One of the things I love about gardens is how different they all are. Even those that look the same have different elements that make them unique. Our garden used to be different to what it is now. We used to have a fairly large productive garden but as we aged, the garden got smaller. Now we grow all our herbs and some of our fruit and vegetables. Doing that we still keep our hand in, what we grow is organic, we save a bit of money and we enjoy it.
Many birds visit our garden every day. This fellow is a native miner, below he is on top of the tank trying to relieve our friendly magpie of a worm she just caught.
I confess I'm a creature of habit. This is one of the flowers I always grow in spring - columbine (granny's bonnet). That, along with roses, alyssum, cosmos and violas are always there in the cooler months. This year I added a swag of Dutch iris after Tricia "found" some seeds in spent flowers on her walk last year.
When you sink your hands into the soil, you could be a million miles away from the cult of consumption we've established on the planet in recent years. Most of what you touch in a garden is natural and most of what you're doing is hoping to create beauty, produce food and live true to your understanding of self-reliance. If you spend time in a garden and experience what it is and how it feels, you'll usually come away feeling an inner peace you didn't have earlier in the day. Over the past 50 years I think we've tended to trade our peace for more time at work, or out in the world doing whatever it is we do. I'm not pointing the finger, I did it too. But now I think it's important to make time for the small quiet times because they have the potential to restore balance and help us develop the strength to keep going. There is a very thin line between making time to be in your garden and putting it off for another day. It's easy to put it off and think that other things are more important. But I encourage you to think carefully about giving yourself those brief periods of solitude because you'll gain so much by being in the garden - walking and thinking, or just sitting, looking and breathing deeply.

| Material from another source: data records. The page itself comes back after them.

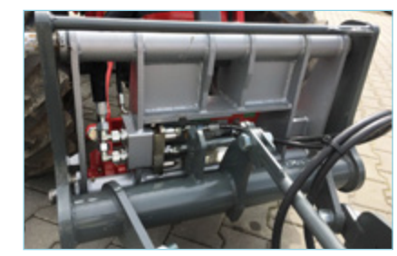
3. couple - done
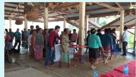
Election of WUG board member
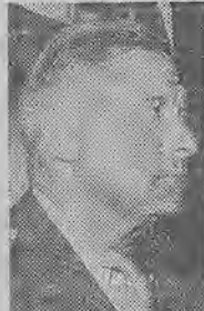
Swift, 1st Corps
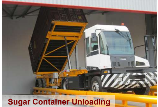
Sugar Container Unloading
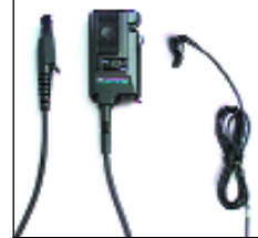
JMMN4064 Ear Mic VOX/PTT Interface Module
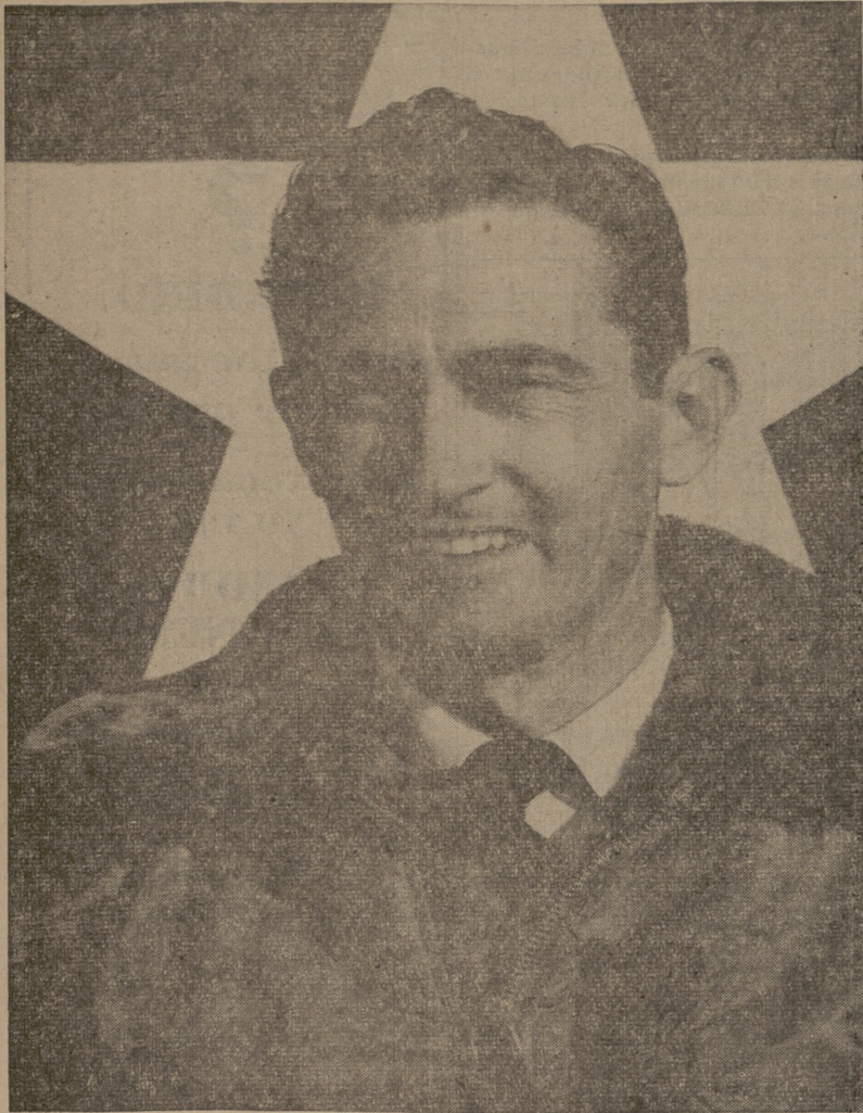
Col. Royal N. Baker Top Jet Ace
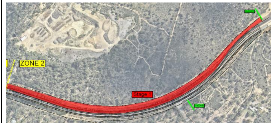
Zone 2, Stage 1:
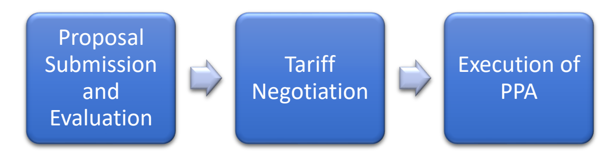
Figure 3 Direct Appointment Process
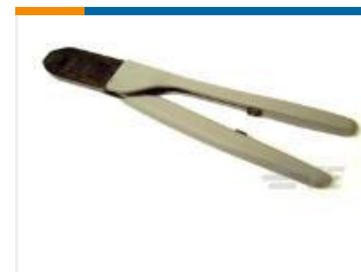
TE Part # 91569-1 CCII POWER DBL LOCK L REC TAB 20-16 ASSY
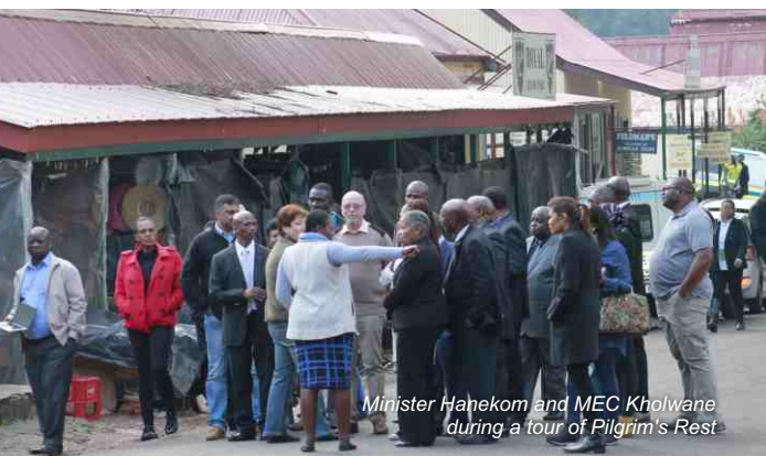
Minister Hanekom and MEC Kholwane during a tour of Pilgrim's Rest
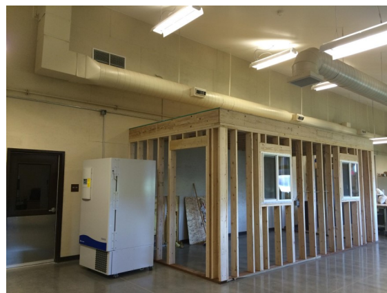
NARC Lab renovation project
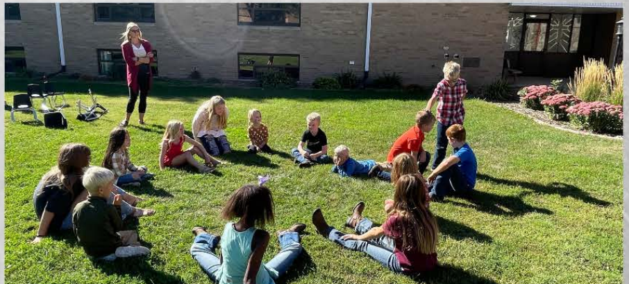
More pictures from Rally Sunday!
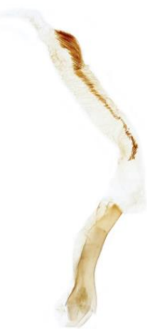
293 Mythimna impura (Smoky Wainscot)
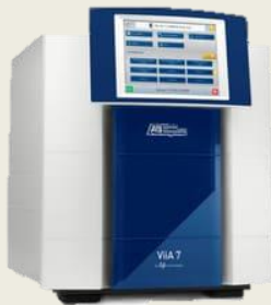
Real-Time PCR ViiA 7 -Applied Biosystems
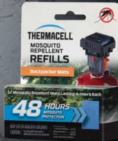
BACKPACKER REFILL | M-48
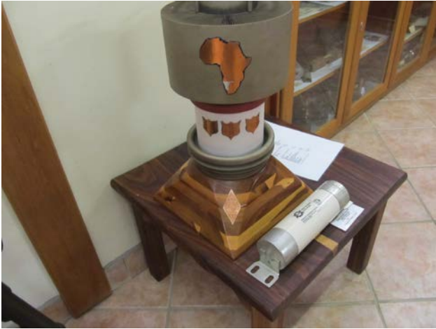
SARL Trophy from NARL
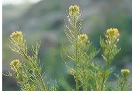
Flixweed Descurainia Sophia
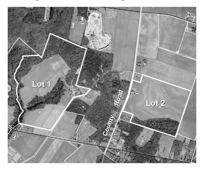
Diagram of a Contiguous Division
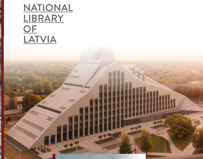
NATIONAL LIBRARY OF LATVIA
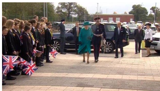
Brewood pupils welcome the Queen to the opening of the new Jaguar Land-Rover Plant
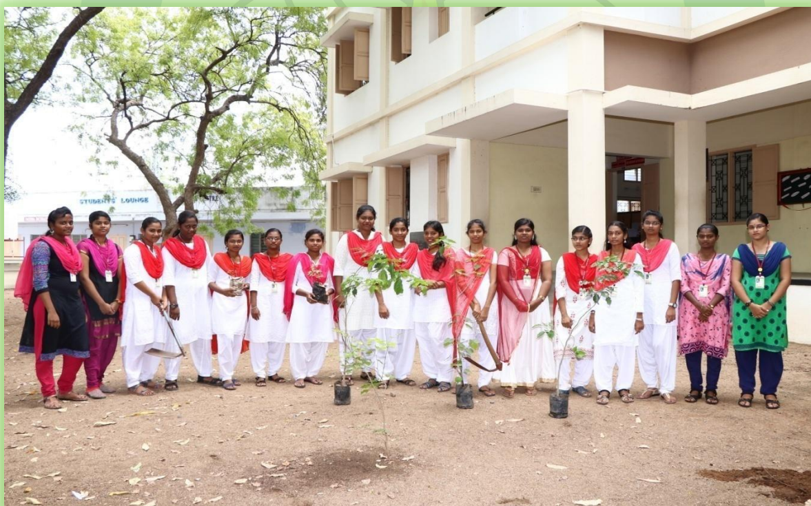
Student Volunteers of Youth Red Cross
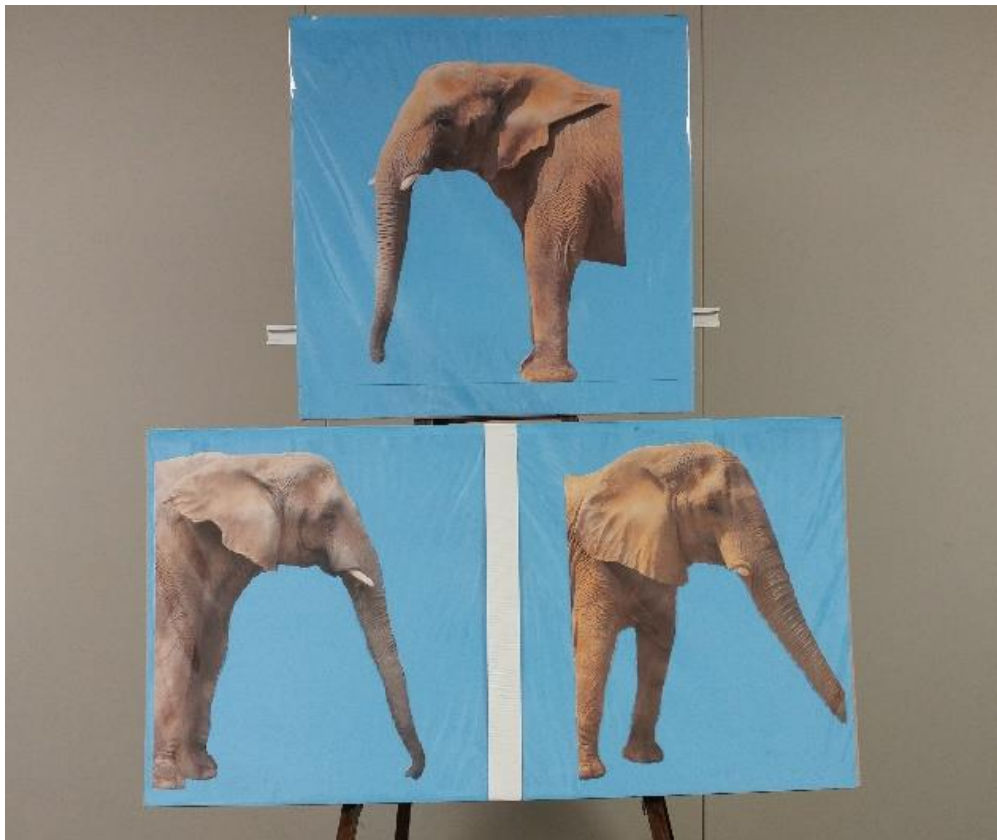
Figure 2.6 Experiment 3 Set Up

consisted of the two familiar elephants and were never of the elephant serving as the subject due to unknown self-recognition capabilities; it is possible that a photo of themselves would be unfamiliar. Sessions were procedurally conducted in a similar way to sessions in experiment 2; however, instead of the t-shirt being placed over the easel, a sample board was placed on top of the easel. The sample of the familiar elephant remained consistent over trials in sessions 1 and 2 (session 1: familiar elephant A as sample; session 2: familiar elephant B as sample). However, in session 3 the sample photo was changed over trials and was presented in a random and counter-balanced order so that familiar elephant A and B each served as the sample for 20 trials.
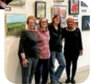
LCL Art Display - Artist
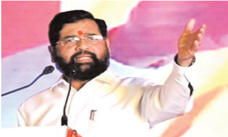
best wishes to the BJP, may it continue to prosper under the leadership of Prime Minister Narendra Modi," the Chief Minister said in an X post. He also said the BJP has achieved the historic feat of freeing the country

Shiv Sena leader and Maharashtra Chief Minister Eknath Shinde on Saturday wished Prime Minister Narendra Modi, Home Minister Amit Shah, BJP President J.P. Nadda, and all the party functionaries on the Foundation Day of the BJP (April 6, 1980). In a bid to keep Shiv Sena's alliance with the BJP going, CM Shinde said the bond between the two parties will only get strengthened further. "Shiv Sena has been in tune with the ideology of the Bharatiya Janata Party (BJP) since its inception. I assure you that this bond will remain strong and the two parties will collectively promote democratic values. My
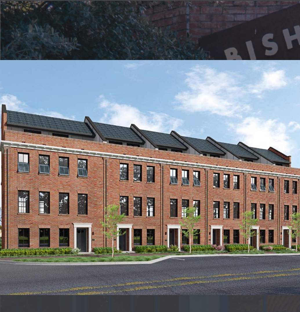
STREET VIEW FROM ZANG BLVD.

.2 MILES NORTH OF SUBJECT SITE CONSTRUCTION ESTIMATED TO COMMENCE Q4 2023
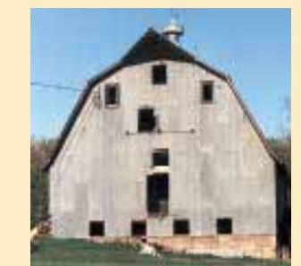
The McKinnon's turned this dilapidated gambrel-roofed barn into a beautiful modern home.

the property until we were ready to move into the barn. The person we hired to put on the new roof discovered during the project that it was his grandfather who had actually built the barn. Once he found that out he wanted to do a lot more, such as the major interior
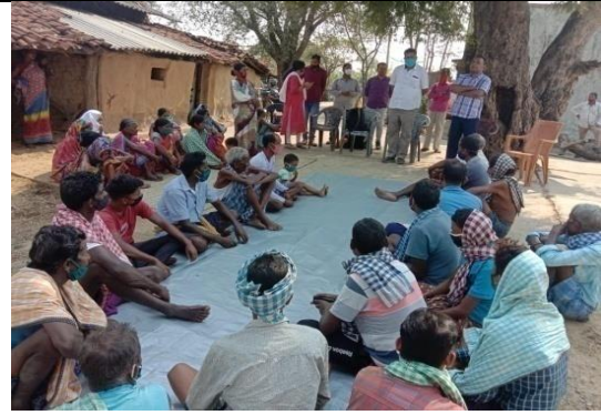
PA ITDA Bonai&JE community mobilisation on MGNREGA
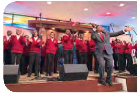
Soul Children Concert
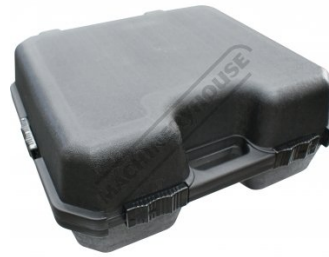
Durable Plastic Case
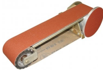
L089 Multitool Belt & Disc Linishing Attachment
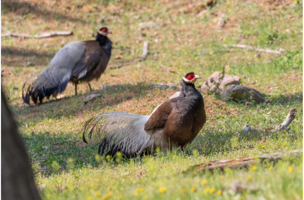
Brown Eared Pheasants
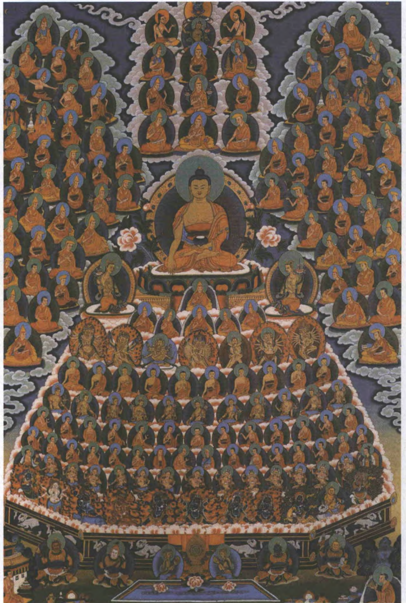
Depiction of a refuge merit field.

Taking refuge has so many benefits that we cannot enumerate all of them now but you can study them in the Pramanavartika ( Compendium on valid cognition , by Dharmakirti).
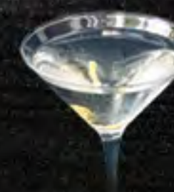
DRY MARTINI 16.98 Gin, Dry Vermouth
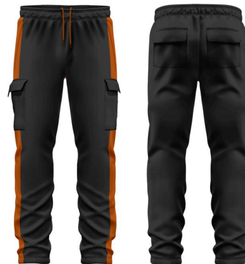
JOGGER PANTS | FD_003
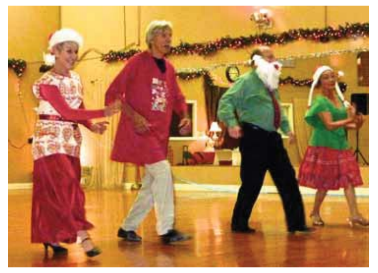
The Dance Now Team entertained us with a whimsical Christmas routine.

Christmas has come and gone. But fond memories linger from our holiday dance in December. Our Dance Now Team treated us to an adorable Christmas performance, complete with whimsical costumes and
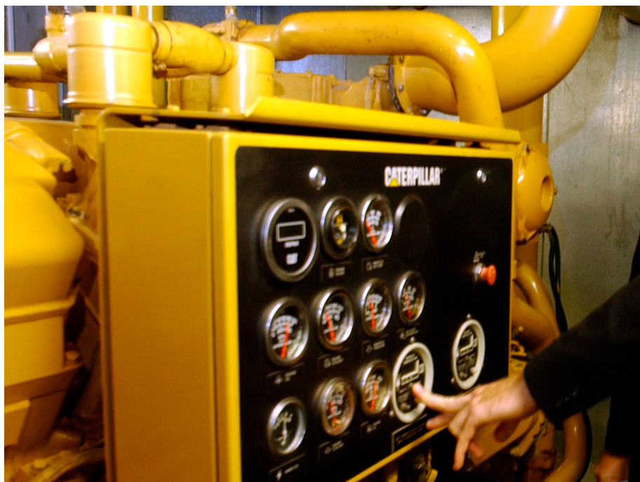
Tamala Park Landfill Gas Recovery Plant

This Greenhouse Action Plan 2007 – 2010 will need to be resourced, monitored and reviewed regularly to assist the City and its community to meet its 2010 greenhouse gas emissions reduction goal.

This is the interior of my bush house. It's where I pot plants, plant seeds, tend ailing plants and keep tender plants over summer. Lucky I took this photo because I just saw a polystyrene box under the bench that I use for rubbish. I'll have to move that before we bring our puppy home tomorrow.
These flowering cactus are on the outside of the bush house.
Mint growing in an antique enamel baby bath and a pot of oregano. Both these herbs grow better in partial shade here.
Tomato seedlings above with borage, common thyme and more oregano. Below are trays of radishes, lettuce, bok choi and nasturtiums. I'll keep growing these tomatoes in pots for another three weeks and when they start flowering, I'll plant them out in the garden.
The slowness of gardens might help slow you down, and for me, that's one of the many benefits of gardening. I used to be extremely impatient. I wanted everything NOW. I've grown out of that and I'm much more accepting of a natural pace for most things. I think I was helped in that acceptance because I was watching plants grow and nothing, nothing at all, made them grow faster. The reverse has happened to seasons. When I was young, the seasons I experienced moved at snail pace, now it's all much faster. Years go faster, weeks seem like days, days fly by.
Gardens aren't only for growing food or flowers, they're also a bustling ecosystem contained within a quiet haven where you can sit or walk and enjoy the plants and the sense of peace they bring. When you garden, you, the gardener, make exactly the garden you want. So be bold, throw caution to the wind, make your wildest dreams germinate in your soil. Your garden may fill an acre or be contained in a few pots but whatever it is, tend it, observe, breathe it in, appreciate it, look around and then slow down and experience the experience.